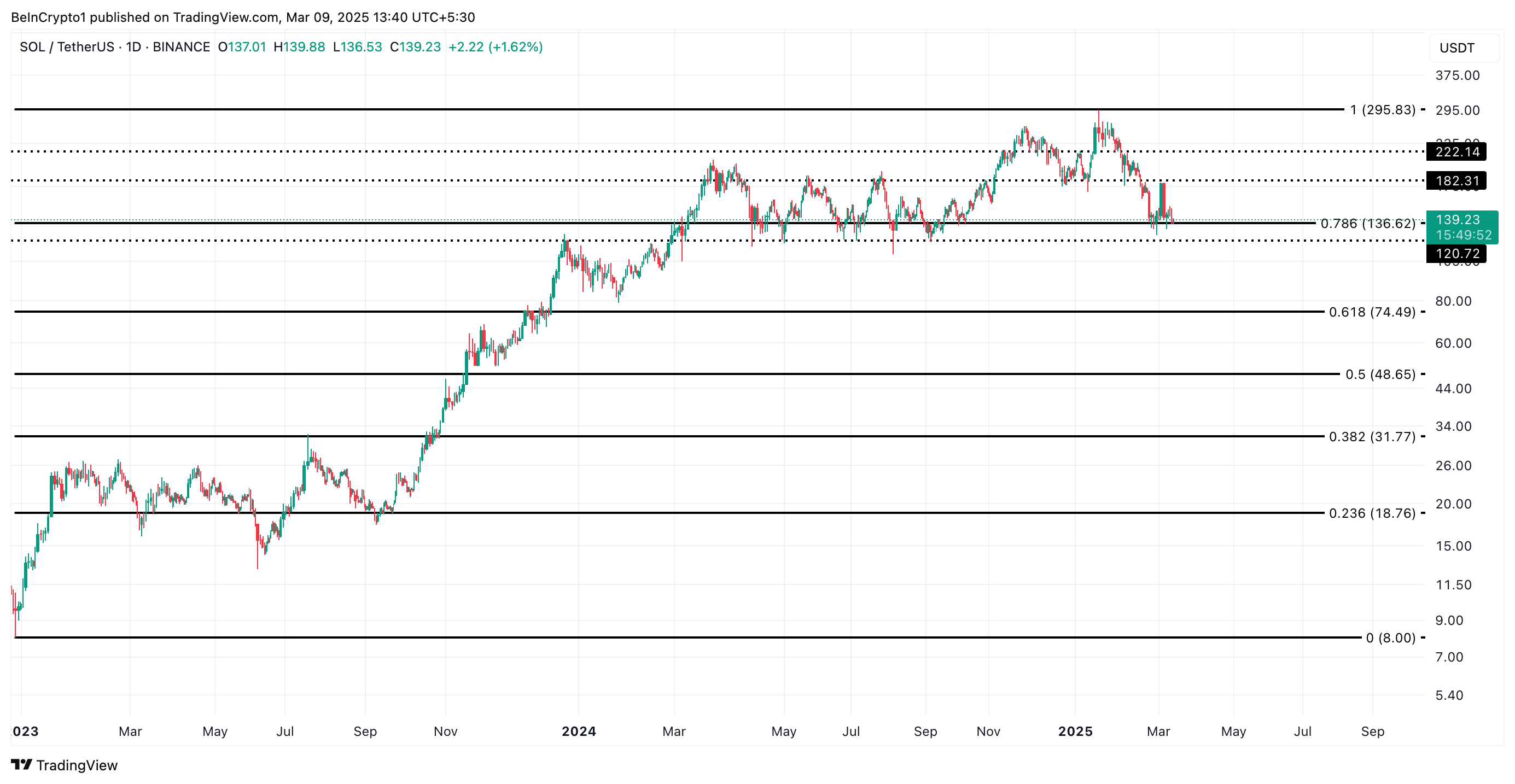 Se ciò accadesse, il prezzo di SOL potrebbe scendere sotto $130 per scambiare a $120,72.
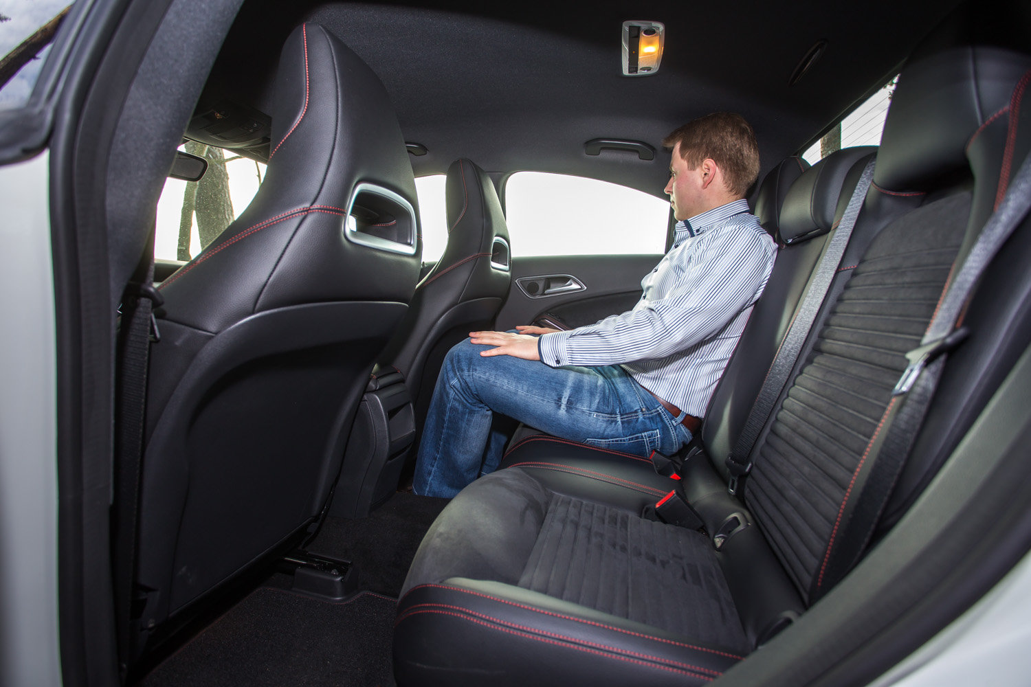 Полностью даёт прочувствовать все «прелести» купе задний ряд CLA, даром, что с отдельным входом. Первый удар по голове при посадке получаешь о верхнюю часть ниспадающего дверного проема, все последующие – при проезде любых неровностей: при росте 180 см голова жестко упирается в крышу. Прибавьте сюда вертикальную спинку дивана, высокий тоннель по центру и минимальный запас пространства до передних кресел.
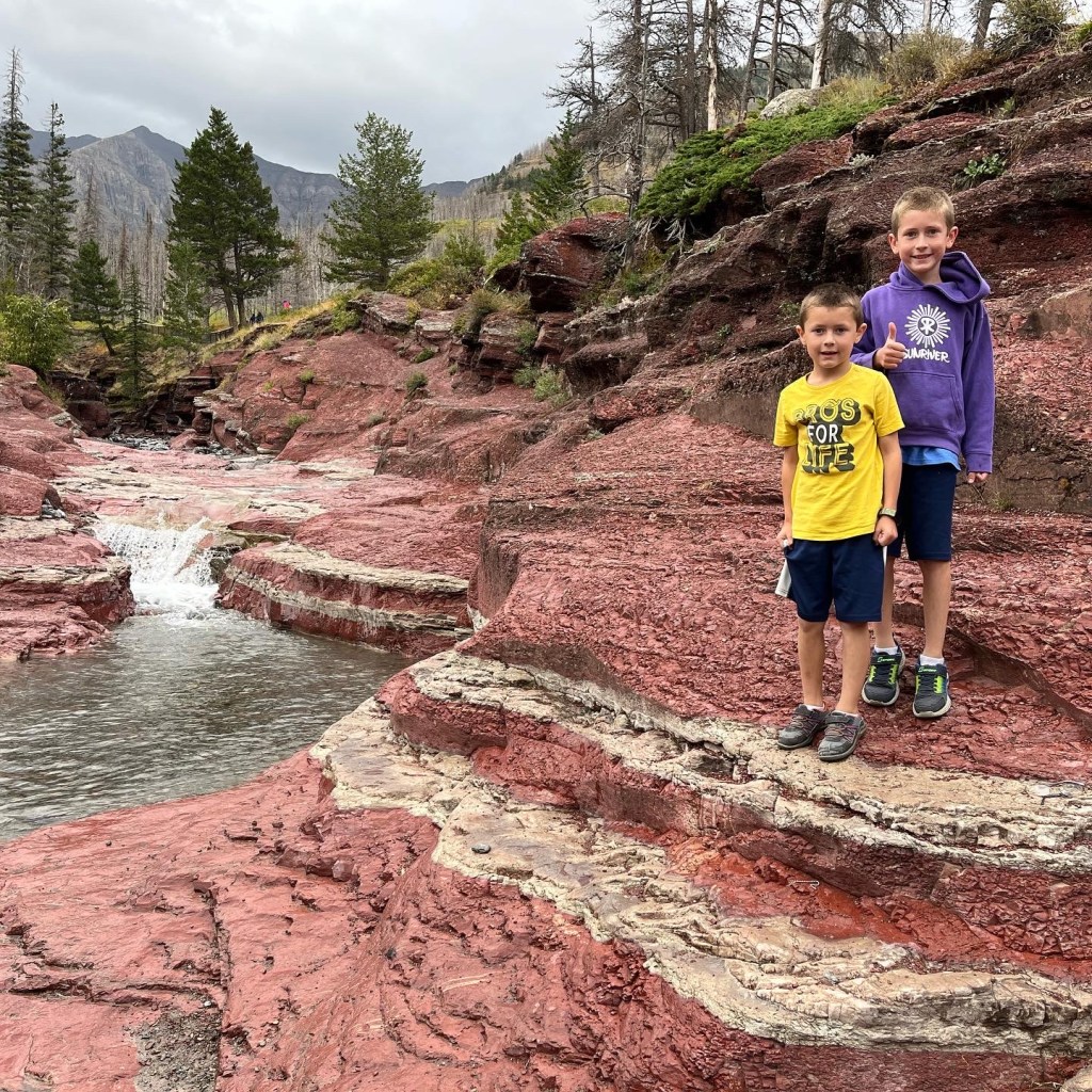 We woke to drizzly rain on our final day in Canmore. The original plan was to head to Calgary and hang out for a bit. We had hoped to do the Calgary Tower, which is slightly taller than our Seattle Space Needle. We thought we would see the sights of the city and surrounding area. But, the weather had other plans! The rain created a foggy, mist all the way to the ground. The city was socked in with drizzle. We decided to skip the Calgary Tower and head south to Waterton Lakes National Park. It wasn’t originally on our itinerary, but it was near our destination for the evening and the weather was better that direction. In Waterton Lakes, we found multiple red chairs, beautiful lake views, and Red Rock Canyon. At the start of the Red Rock Parkway, we saw a grizzly bear! Luckily, it was in the distance and seen safely from inside our car! We ended our time at Waterton Lakes National Park with a drive through their bison paddock. We had tacos for dinner in Cardston, did a little grocery shopping (we bought so much cereal on this trip), and then the boys spent the rest of the evening at the hotel pool. This hotel pool had a water slide, so that made it a huge hit!
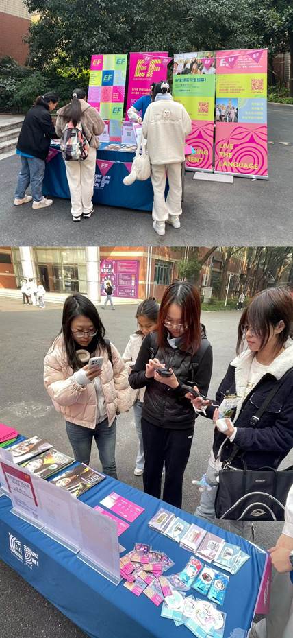 宣讲会中,Stella Wu对英孚教育集团的组织机构、全球部署、酬薪体系、发展前景等进行详细说明,介绍本次招聘的实习生岗位,包括海外游学产品总监助理、签证助理、新媒体、财务、海外游学产品销售助理实习生,针对不同岗位的职业要求进行讲解,并给出实习投递渠道。21级英语专业张诗薇同学作为正在英孚实习的学生,也受邀分享自己的工作体验。与会同学收获颇丰,信心满满,积极与企业负责人交流沟通并投递简历。此外,英孚也在校内设咨询点,为更多的同学答疑解惑,发放招聘宣传单和纪念品,受到学生欢迎。
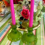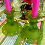 Illuminate your space with vintage sophistication using this pair of Westmoreland Satin Glass candle holders in the elegant Doric Green color. Crafted with Westmoreland’s renowned attention to detail, these candle holders feature a soft satin finish that diffuses light beautifully, creating a gentle, romantic glow. The Doric-inspired design adds a touch of classical elegance, while the rich green hue brings warmth and character to any table or mantel display. Perfect for collectors of vintage Westmoreland glass or anyone looking to add a refined accent to their décor.
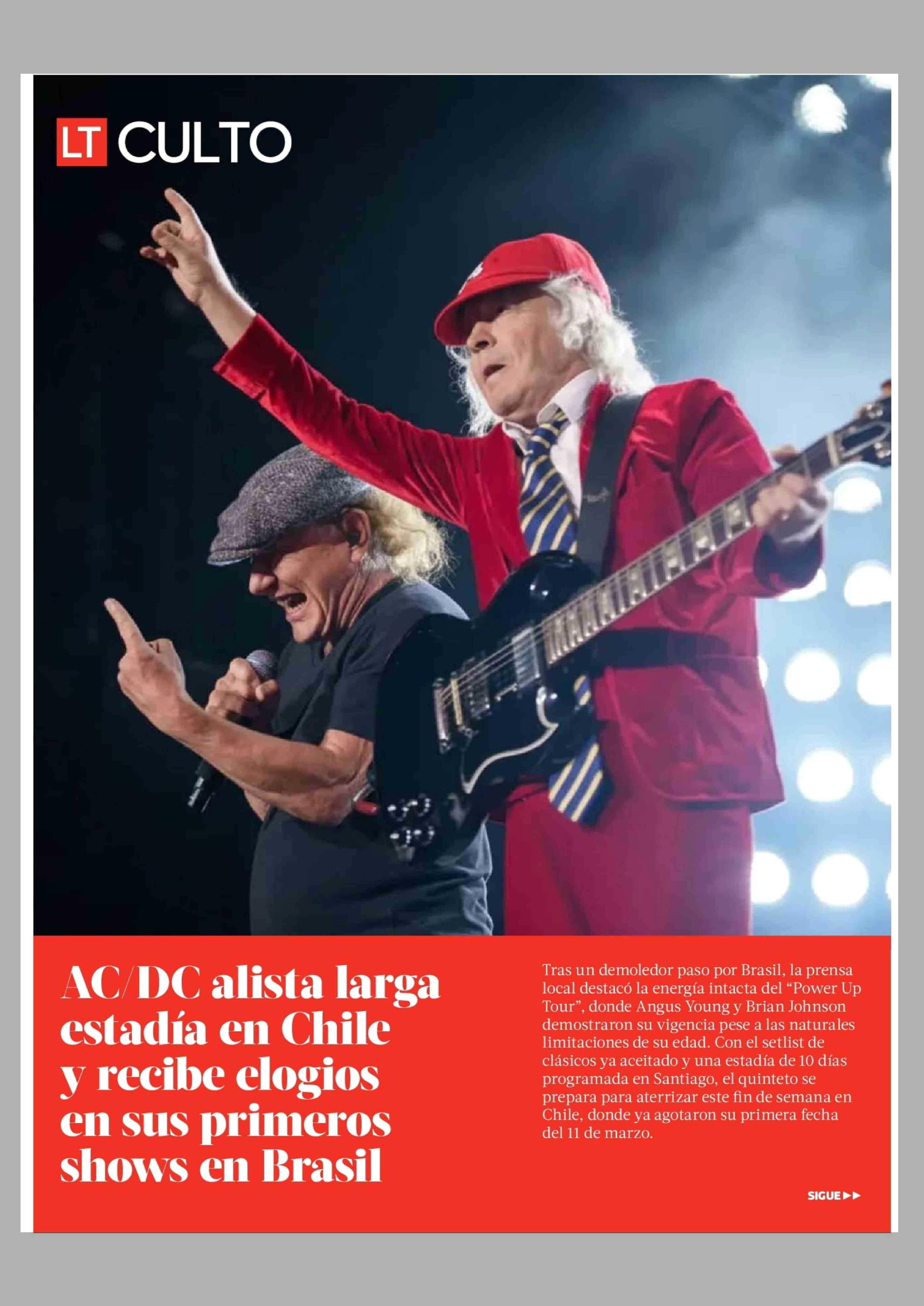 AC/DC alista larga estadía en Chile y recibe elogios en sus primeros shows en Brasil 06-03-2026 La Tercera |
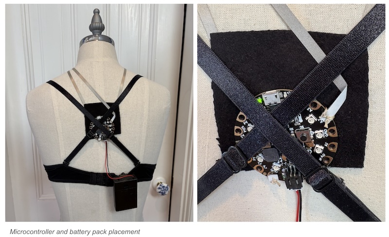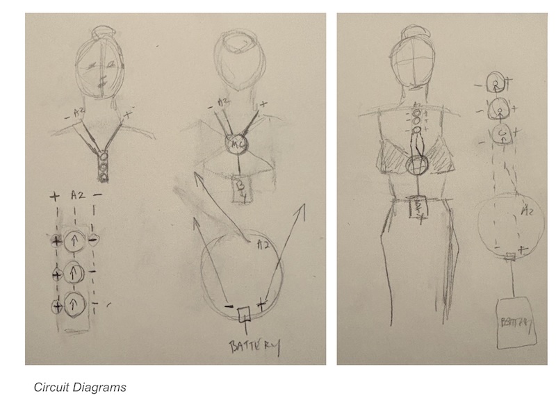 I then pivoted to mapping out connections in 3D on a dress with assistant Genevieve Hildebrand-Chupp, which proved more effective. I also reviewed the previous project recommendations and noticed that most people were using the adhesive tape connecting the microcontroller to the programmed elements. I used a bra to secure the microcontroller and battery pack and then draped adhesive conductive tape to form the "chain" of my necklace. I then used alligator clips to text the effectiveness of the tape. Below is the test video for the 3D sketch.
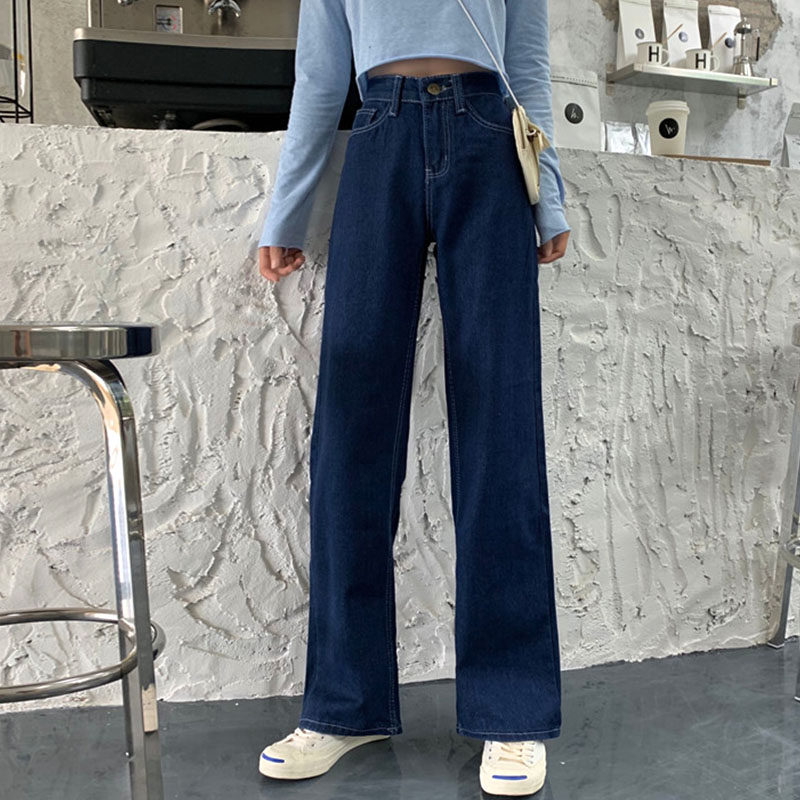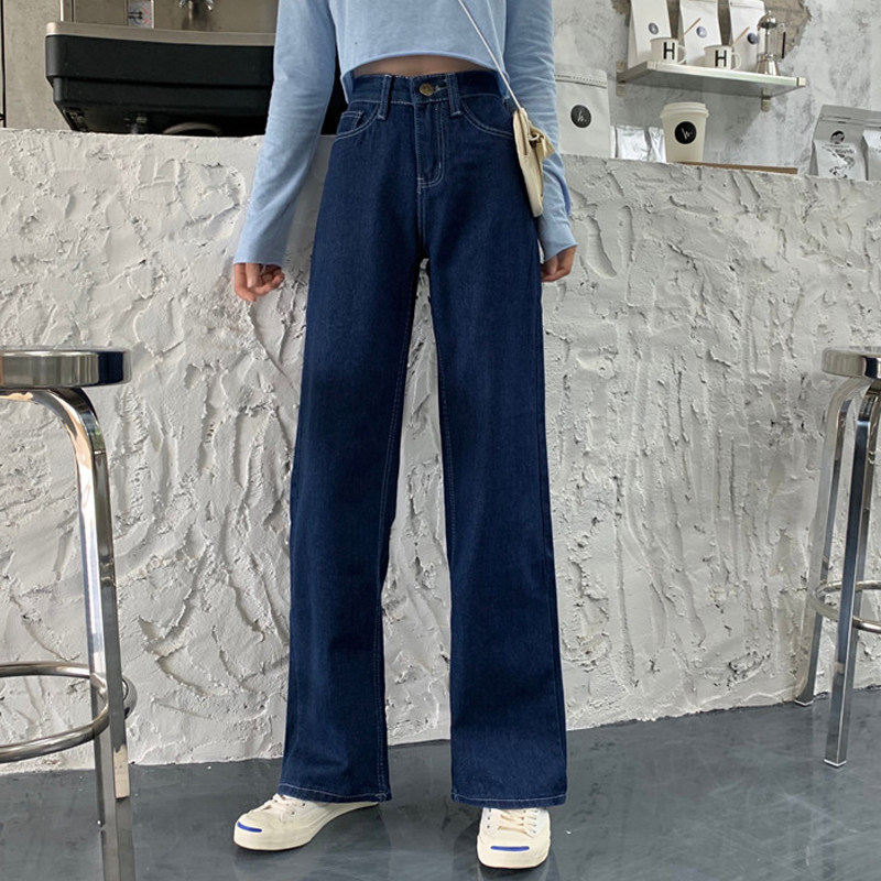 Летние темно-синие джинсы, приталенные штаны, 2020, высокая талия, свободный прямой крой

----------

The required output is every line of the data above, set down exactly and stripped of pictures.

 Se ciò accadesse, il prezzo di SOL potrebbe scendere sotto $130 per scambiare a $120,72.
 Полностью даёт прочувствовать все «прелести» купе задний ряд CLA, даром, что с отдельным входом. Первый удар по голове при посадке получаешь о верхнюю часть ниспадающего дверного проема, все последующие – при проезде любых неровностей: при росте 180 см голова жестко упирается в крышу. Прибавьте сюда вертикальную спинку дивана, высокий тоннель по центру и минимальный запас пространства до передних кресел.
 We woke to drizzly rain on our final day in Canmore. The original plan was to head to Calgary and hang out for a bit. We had hoped to do the Calgary Tower, which is slightly taller than our Seattle Space Needle. We thought we would see the sights of the city and surrounding area. But, the weather had other plans! The rain created a foggy, mist all the way to the ground. The city was socked in with drizzle. We decided to skip the Calgary Tower and head south to Waterton Lakes National Park. It wasn’t originally on our itinerary, but it was near our destination for the evening and the weather was better that direction. In Waterton Lakes, we found multiple red chairs, beautiful lake views, and Red Rock Canyon. At the start of the Red Rock Parkway, we saw a grizzly bear! Luckily, it was in the distance and seen safely from inside our car! We ended our time at Waterton Lakes National Park with a drive through their bison paddock. We had tacos for dinner in Cardston, did a little grocery shopping (we bought so much cereal on this trip), and then the boys spent the rest of the evening at the hotel pool. This hotel pool had a water slide, so that made it a huge hit!
 宣讲会中,Stella Wu对英孚教育集团的组织机构、全球部署、酬薪体系、发展前景等进行详细说明,介绍本次招聘的实习生岗位,包括海外游学产品总监助理、签证助理、新媒体、财务、海外游学产品销售助理实习生,针对不同岗位的职业要求进行讲解,并给出实习投递渠道。21级英语专业张诗薇同学作为正在英孚实习的学生,也受邀分享自己的工作体验。与会同学收获颇丰,信心满满,积极与企业负责人交流沟通并投递简历。此外,英孚也在校内设咨询点,为更多的同学答疑解惑,发放招聘宣传单和纪念品,受到学生欢迎。
 Illuminate your space with vintage sophistication using this pair of Westmoreland Satin Glass candle holders in the elegant Doric Green color. Crafted with Westmoreland’s renowned attention to detail, these candle holders feature a soft satin finish that diffuses light beautifully, creating a gentle, romantic glow. The Doric-inspired design adds a touch of classical elegance, while the rich green hue brings warmth and character to any table or mantel display. Perfect for collectors of vintage Westmoreland glass or anyone looking to add a refined accent to their décor.
 AC/DC alista larga estadía en Chile y recibe elogios en sus primeros shows en Brasil 06-03-2026 La Tercera |
 I then pivoted to mapping out connections in 3D on a dress with assistant Genevieve Hildebrand-Chupp, which proved more effective. I also reviewed the previous project recommendations and noticed that most people were using the adhesive tape connecting the microcontroller to the programmed elements. I used a bra to secure the microcontroller and battery pack and then draped adhesive conductive tape to form the "chain" of my necklace. I then used alligator clips to text the effectiveness of the tape. Below is the test video for the 3D sketch.
 Летние темно-синие джинсы, приталенные штаны, 2020, высокая талия, свободный прямой крой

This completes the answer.